If you set up your wallets as explained in chapter two, this will reduce the probability of a digital attack.
“I always tell them (my family) that the second most stupid thing they could do right now is to own an amount of bitcoins they cannot afford to lose and the most stupid thing they could do would be not to own any.”
Wences Casares, Xapo CEO
Before you start, get the technical literacy to know how to secure your tokens, send them across wallets and build your transaction systems.
Just like in the real world, you’ll have to set up savings and current account in cryptocurrency.
Then document yourself on what’s happening in the space before you start diversifying.
Modern portfolio strategy is an investment strategy based on asset diversification: you don’t have to put all your eggs in one basket. Your portfolio’s level of diversification should illustrate your risk appetite.

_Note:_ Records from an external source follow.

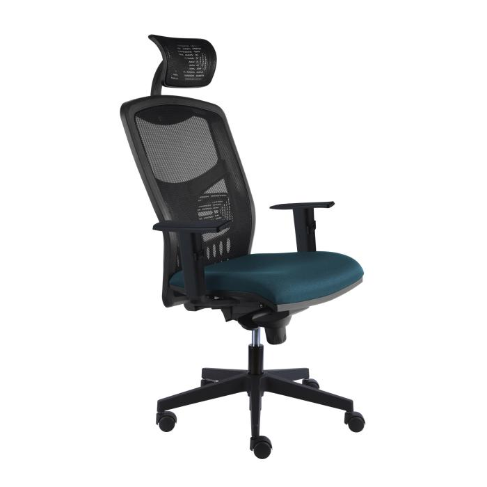 Moderná kancelárska stolička s vysokým fixným sieťovaným operadlom s výškovo nastaviteľnou bedrovou opierkou a s bohatým čalúnením sedadla.
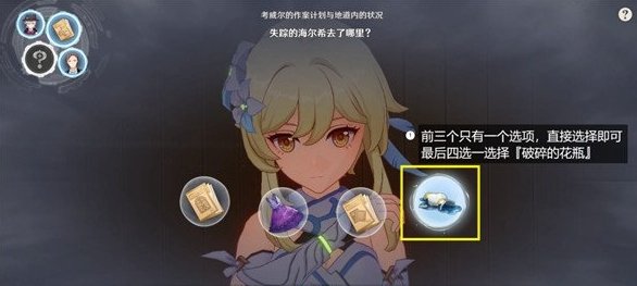 前三个只有一个选项,直接选择即可,最后四选一选择『破碎的花瓶』(右起第一个)。如下图。
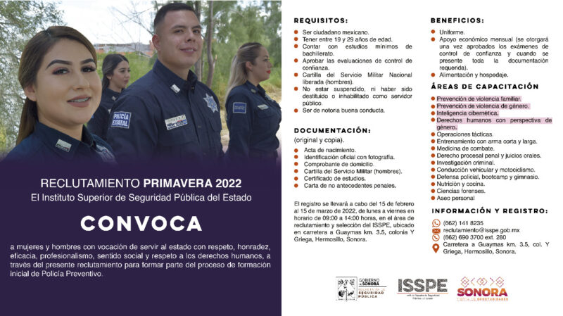 En cumplimiento al compromiso de incrementar el estado de fuerza durante el presente año, el Instituto Superior de Seguridad Pública del Estado (Isspe), dio a conocer la convocatoria de reclutamiento “Primavera 2022”, para las y los interesados en cursar su formación inicial como Policía Preventivo.
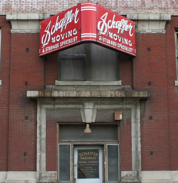 Schaffer Moving and Storage Specialist, with a handsome neon sign in front.

Here are some variables to take into account when building a customised and diversified portfolio.
There are currently two units of account in the cryptocurrency economy:
Fiat to crypto
Only established and high market capitalisation tokens are listed with fiat currencies, less than fifty. A majority of the remaining thousand tokens are priced in Bitcoin and Ether.

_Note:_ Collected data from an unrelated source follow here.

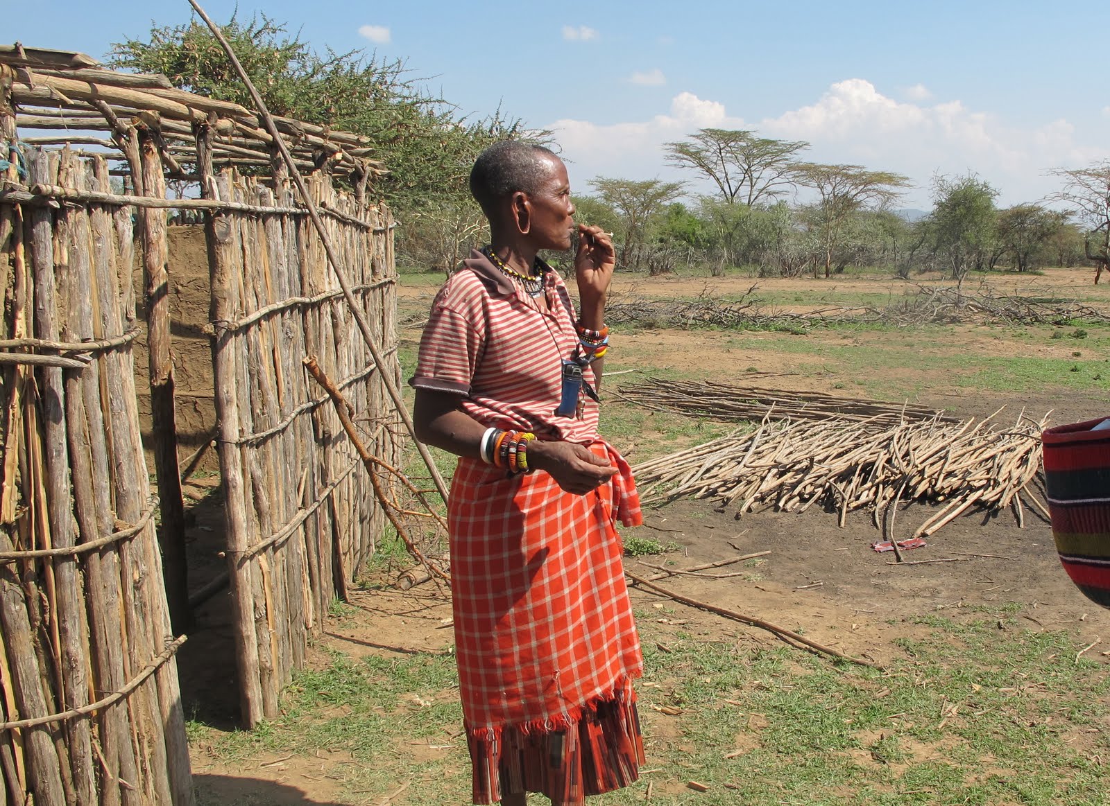 Women build the houses in the Maasai tribe. When we arrived at one manyatta, the matriarch of the community and some other younger women were building a new house. They are made of sticks covered with a mixture of cow dung and mud. Marty helped tie a couple of the roof beams together. These homes are very small
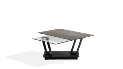 Plateau supérieur en céramique acier de 3 mm d'épaisseur collée sur verre de 6 mm d'épaisseur.
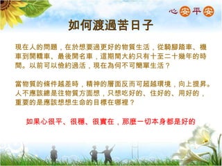 如何渡過苦日子 如果心很平、很穩、很實在,那麼一切本身都是好的 現在人的問題,在於想要過更好的物質生活,從騎腳踏車、機車到開轎車、最後開名車,這期間大約只有十至二十幾年的時間。以前可以儉約過活,現在為何不可簡單生活?
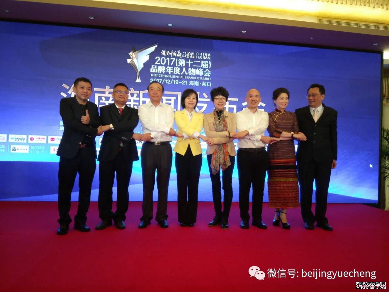 2017年12月5日,岳成律师(上图左三)参加2017(第十二届)品牌人物年度峰会海南新闻发布会。

Most of the fiat to crypto exchanges only sell Bitcoin, Litecoin and Ethereum.
Investing in crypto with fiat means betting the price of a unit of crypto will increase
BTC / ETH to crypto
Every single token is priced in Bitcoin, and a majority are also priced in Ether.
A jump in fiat price of Bitcoin or Ether will suddenly increase the market capitalisation of every token.

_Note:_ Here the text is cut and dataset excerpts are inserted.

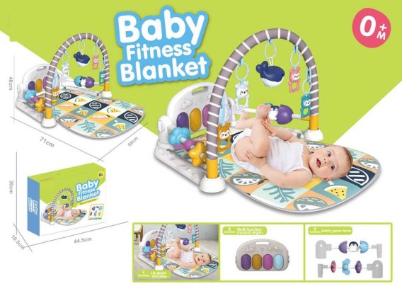 Interaktywna, wielofunkcyjna mata dla najmłodszych od pierwszych dni życia. Zestaw zbudowany jest z wygodnej maty dla maluszka, pałąka z zawieszkami i pianinka. Mata rośnie wraz z dzieckiem. W pierwszym okresie życia, do szóstego miesiąca życia, maluszek może leżeć na wygodnej macie, kopiąc nóżkami w pianinko, oraz przebierać rączkami próbując dosięgnąć zawieszek na pałąku. Między szóstym a dwunastym miesiącem, zestaw będzie niezwykle pomocny przy nauce siadania. Starsze dziecko może grać już samodzielnie na pianinku. Pianinko, można w bardzo łatwy sposób przekształcić w stolik muzyczny za pomocą pokręteł do regulacji, znajdujących się po boku konstrukcji. Możemy pochylać pianinko w kilku pozycjach, lub je odłączyć od zestawu i zabrać w różne miejsca. Dodatkowo pianinko posiada wygodną rączkę do przenoszenia. Pianinko wyposażono w cztery podświetlane klawisze, oraz przycisk z nutką odtwarzający melodie. Jest też włącznik i wyłącznik oraz regulacja głośności. Na pałąku znajdują się 4 zawieszki z misiami, które również delikatnie grzechoczą oraz podświetlany delfinek. Po bokach podstawy znajdują się przekładanki z koralikami. Pianinko zasilane jest bateriami typu 3 x AA 15 V (brak w zestawie). Delfinek bateriami typu 2 x AAA 1,5 V (brak w zestawie). Konstrukcja zestawu i pianinko wykonano z bioplastiku, materiału w pełni bezpiecznego dla najmłodszych i środowiska naturalnego.
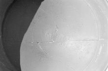 | Description: | Western Sigillata bowl broken but nearly complete. Low flaring base ring; gently concave floor; almost vertical side wall. Four grooves on the outside of the side wall. On the floor inside, traces of a stamp. Yellow clay; thin red glaze inside and out. | |
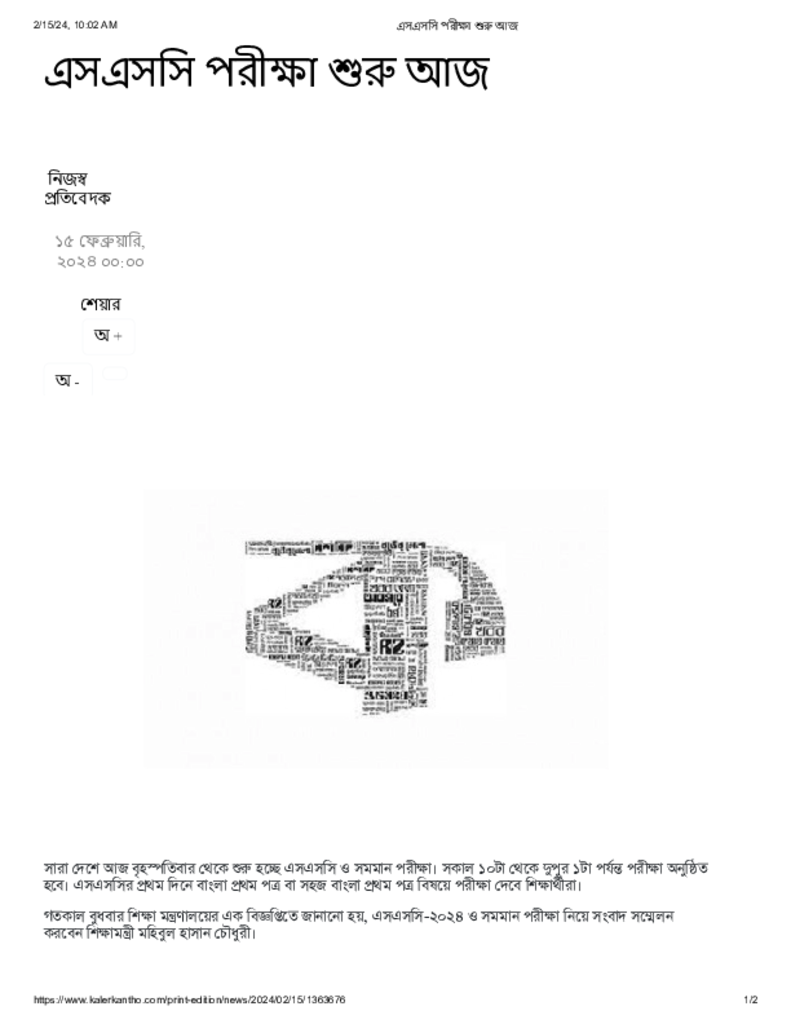 এসএসসি পরীক্ষা শুরু আজ Published on 15 February 2024 Newspaper দৈনিক কালের কন্ঠ Category Public Examination Public Examination SSC Download

For instance, if Ether goes from $250 to $500 per unit, tokens listed in Ether will see their market capitalisation double in the same amount of time. In this scenario, this would create a downward pressure (sell) on altcoins.
Investing in an altcoin with Bitcoin or Ether implies that the price of the altcoin will increase faster than the price of Bitcoin or Ether in fiat.
An easy way to build your portfolio is to diversify it according to market and product. For instance, here's a few digital asset industries you can screen:
The crypto market offers large market cap tokens as well as “penny” tokens with a minuscule total token supply valuation. Naturally, the larger the market capitalisation, the more established it is considered by the market.
It is important to evaluate tokens based both on total supply and circulating supply.
Additionally, a large market capitalisation does not necessarily mean an investment is less risky: the price can drop and dilute your position.
Cryptocurrencies have evolved extensively in the past decade.
While Bitcoin, the first blockchain use case, disrupts the payment industry, other tokens have emerged and improved the scope of the technology.
1st gen: Payment protocol
Bitcoin and Litecoin amongst other first-generation tokens provide the same utility to their respective users: the ability to transfer value rapidly from one peer to another.
2nd gen: Smart contract development
The second generation, pioneered by Ethereum, enables the development of smart contracts on top of a blockchain.
More than settling financial transactions, the second generation facilitates the access to blockchain technology, supplies a cryptographic and mining environment, and allows software to mature.
3rd gen: Decentralised applications and tokenised assets
The third generation relates to tokens that are built on top of an existing blockchain.
Rather than building a new blockchain from scratch, these tokens leverage already existing platforms to build an application on top of them.
Cryptocurrencies started off with Proof-of-Work consensus where miners invested in hardware, energy and time to secure the network and reach distributed consensus.
Alternatively, Proof-of-Stake consensus enables token holders to stake their capital to verify transactions and earn rewards from. Other consensus protocols include Federated Byzantine Agreement, Proof-of-Service or Proof-of-Burn.